The lines to extract run from the start of the records through the line with "Στα βραδινά παιχνίδια", both ends included; drop the pictures.

Start of Listed entries

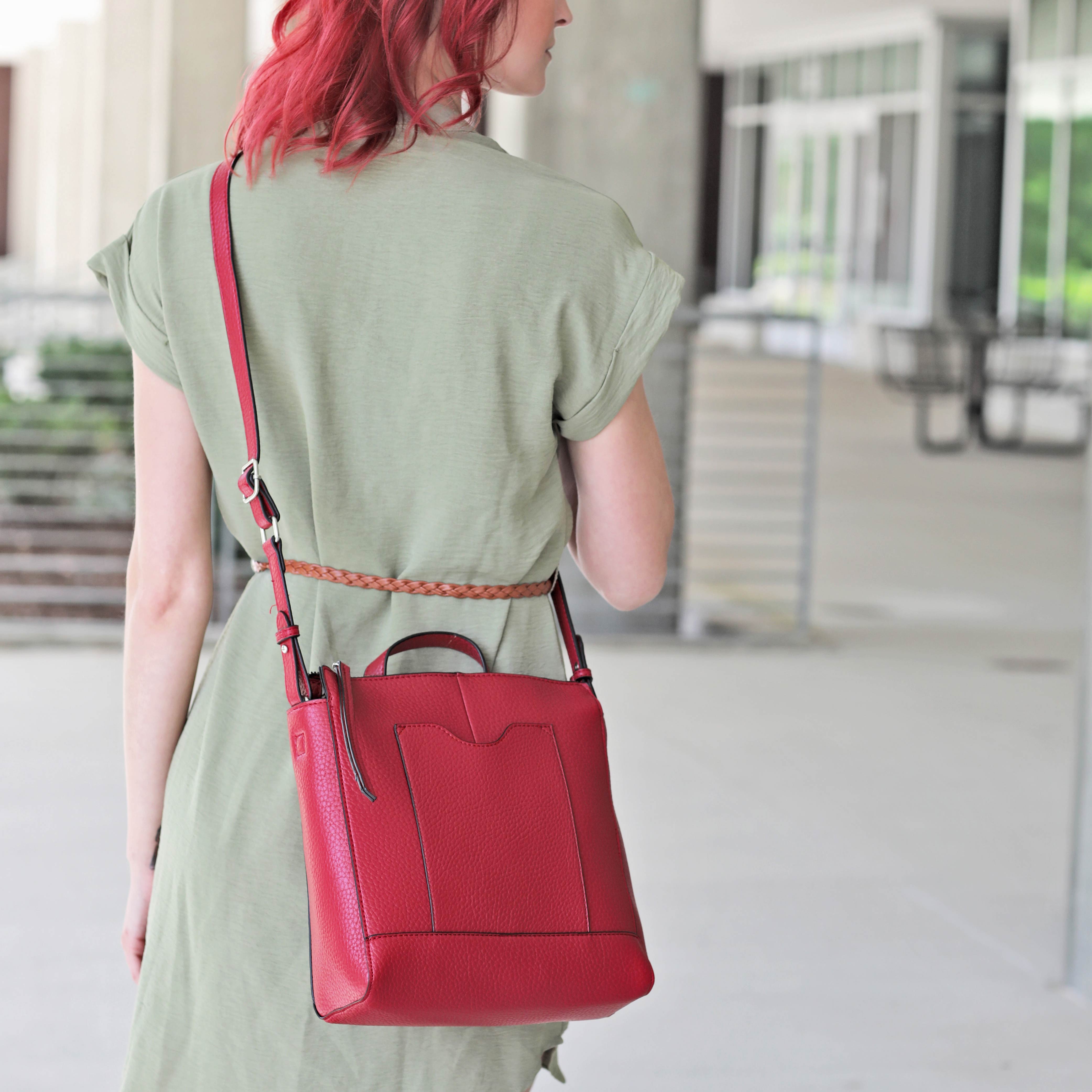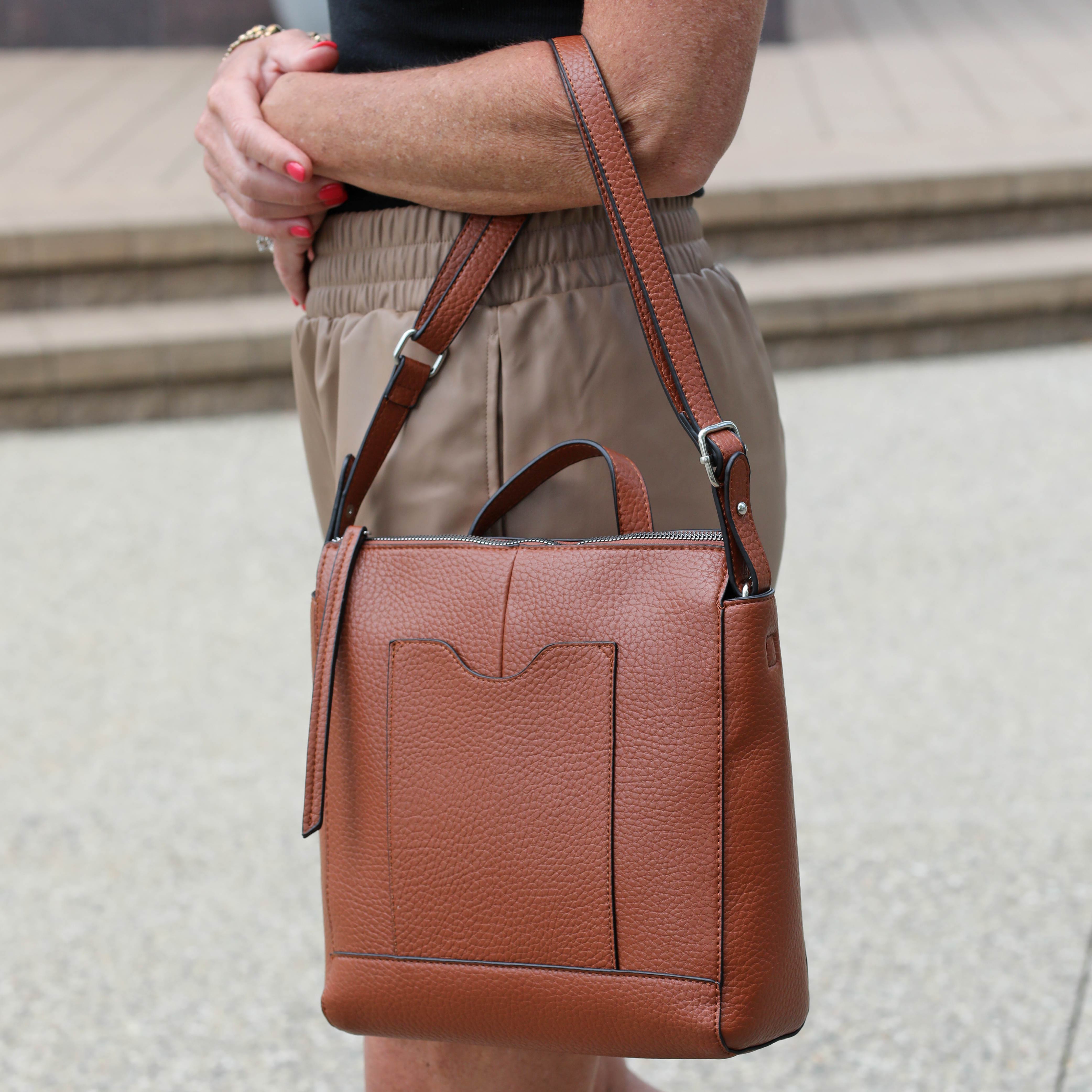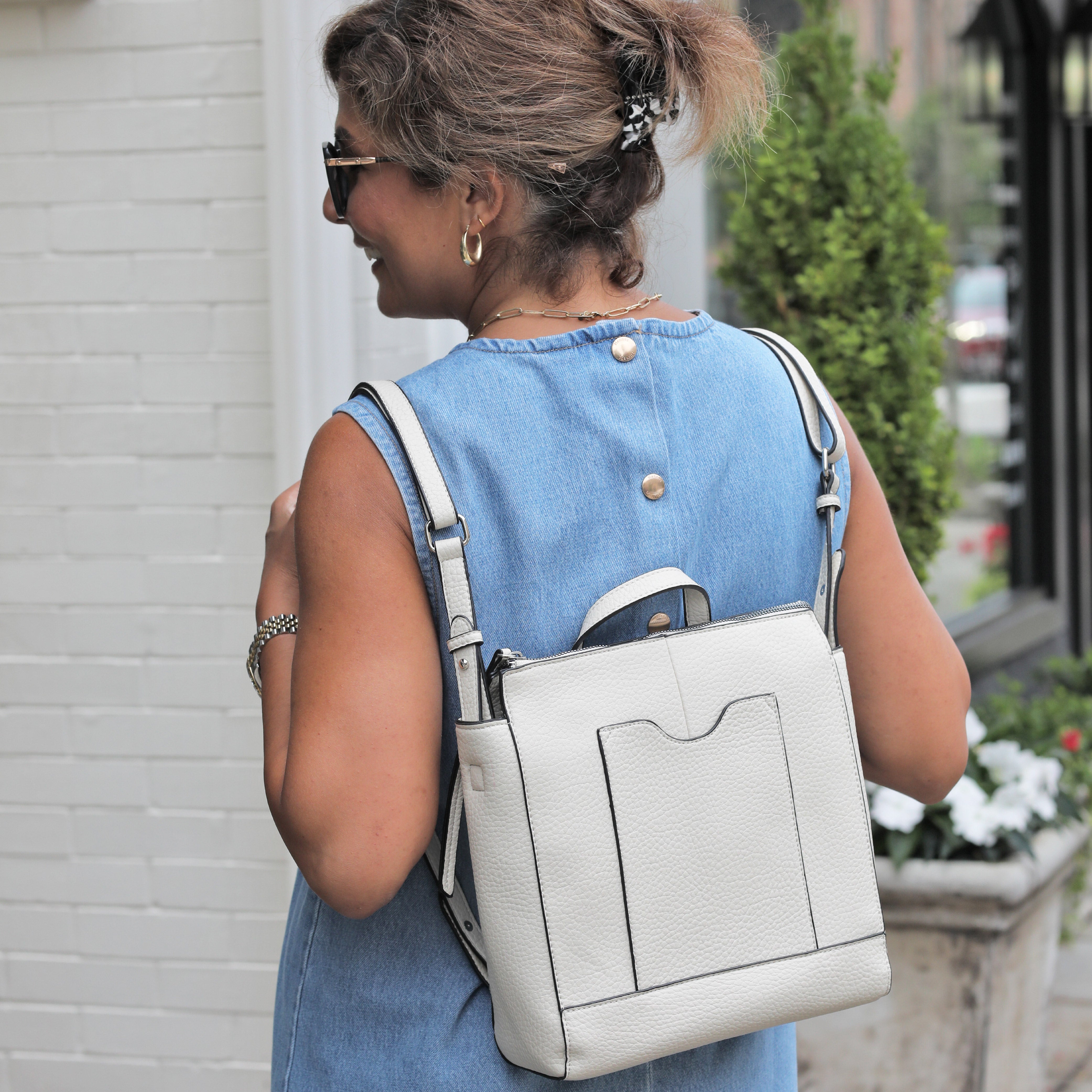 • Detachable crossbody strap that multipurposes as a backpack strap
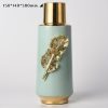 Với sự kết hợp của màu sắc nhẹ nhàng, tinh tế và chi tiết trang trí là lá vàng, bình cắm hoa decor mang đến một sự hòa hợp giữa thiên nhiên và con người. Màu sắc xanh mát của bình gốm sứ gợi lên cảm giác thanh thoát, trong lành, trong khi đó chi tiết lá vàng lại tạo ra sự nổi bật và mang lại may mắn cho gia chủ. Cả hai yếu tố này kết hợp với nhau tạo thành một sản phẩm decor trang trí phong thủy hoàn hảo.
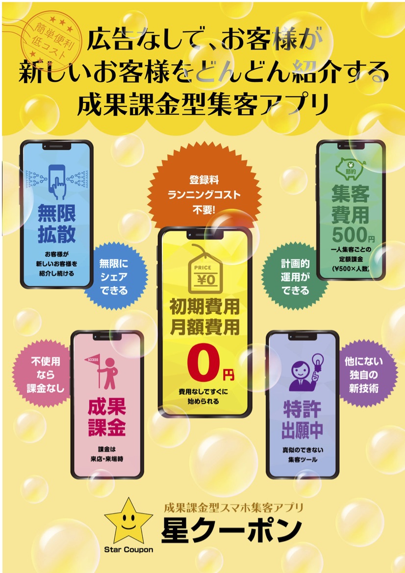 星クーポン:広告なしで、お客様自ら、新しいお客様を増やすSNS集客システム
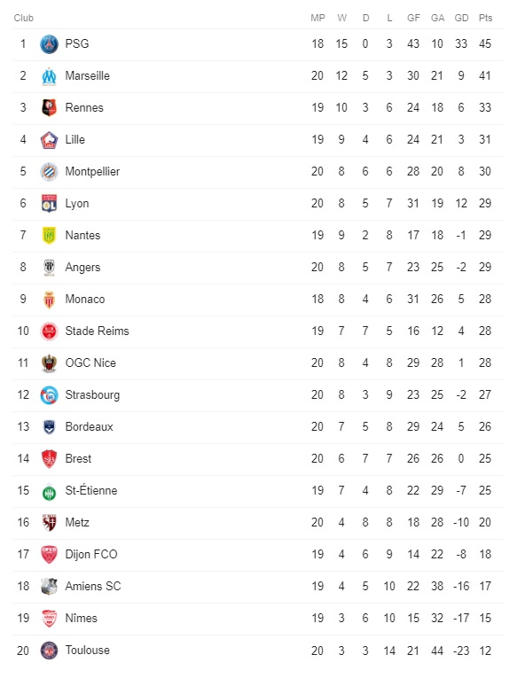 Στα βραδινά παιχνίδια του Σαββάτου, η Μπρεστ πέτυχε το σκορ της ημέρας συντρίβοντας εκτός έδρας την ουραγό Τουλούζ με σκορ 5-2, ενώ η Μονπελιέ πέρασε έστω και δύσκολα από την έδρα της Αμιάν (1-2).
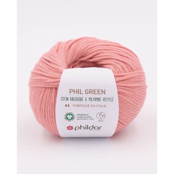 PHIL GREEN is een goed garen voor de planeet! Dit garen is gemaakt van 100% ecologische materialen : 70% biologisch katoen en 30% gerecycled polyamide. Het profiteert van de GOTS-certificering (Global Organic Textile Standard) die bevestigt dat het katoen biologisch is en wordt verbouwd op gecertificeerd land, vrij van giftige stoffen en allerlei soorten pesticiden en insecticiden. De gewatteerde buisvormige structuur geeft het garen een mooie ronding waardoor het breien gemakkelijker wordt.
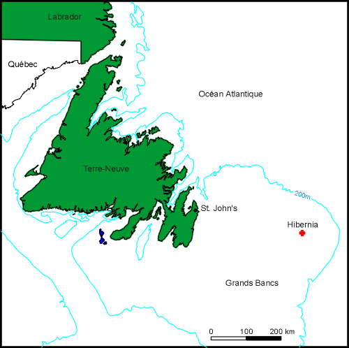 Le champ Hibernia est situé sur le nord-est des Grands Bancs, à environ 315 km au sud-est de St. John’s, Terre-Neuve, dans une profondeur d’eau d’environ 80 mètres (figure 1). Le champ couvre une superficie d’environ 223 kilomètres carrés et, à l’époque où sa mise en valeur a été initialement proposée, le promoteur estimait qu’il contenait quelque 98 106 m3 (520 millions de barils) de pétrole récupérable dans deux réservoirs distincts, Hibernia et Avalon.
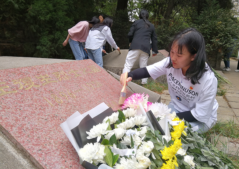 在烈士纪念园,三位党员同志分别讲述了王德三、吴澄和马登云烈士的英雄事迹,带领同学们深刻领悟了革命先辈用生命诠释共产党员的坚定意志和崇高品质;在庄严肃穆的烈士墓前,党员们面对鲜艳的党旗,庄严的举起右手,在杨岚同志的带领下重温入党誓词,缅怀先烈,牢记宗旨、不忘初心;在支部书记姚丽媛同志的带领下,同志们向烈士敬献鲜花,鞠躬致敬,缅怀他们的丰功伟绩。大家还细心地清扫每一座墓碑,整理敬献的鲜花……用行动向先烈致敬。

End of Listed entries

▶ [Problem solution]
 • Detachable crossbody strap that multipurposes as a backpack strap
 Với sự kết hợp của màu sắc nhẹ nhàng, tinh tế và chi tiết trang trí là lá vàng, bình cắm hoa decor mang đến một sự hòa hợp giữa thiên nhiên và con người. Màu sắc xanh mát của bình gốm sứ gợi lên cảm giác thanh thoát, trong lành, trong khi đó chi tiết lá vàng lại tạo ra sự nổi bật và mang lại may mắn cho gia chủ. Cả hai yếu tố này kết hợp với nhau tạo thành một sản phẩm decor trang trí phong thủy hoàn hảo.
 星クーポン:広告なしで、お客様自ら、新しいお客様を増やすSNS集客システム
 Στα βραδινά παιχνίδια του Σαββάτου, η Μπρεστ πέτυχε το σκορ της ημέρας συντρίβοντας εκτός έδρας την ουραγό Τουλούζ με σκορ 5-2, ενώ η Μονπελιέ πέρασε έστω και δύσκολα από την έδρα της Αμιάν (1-2).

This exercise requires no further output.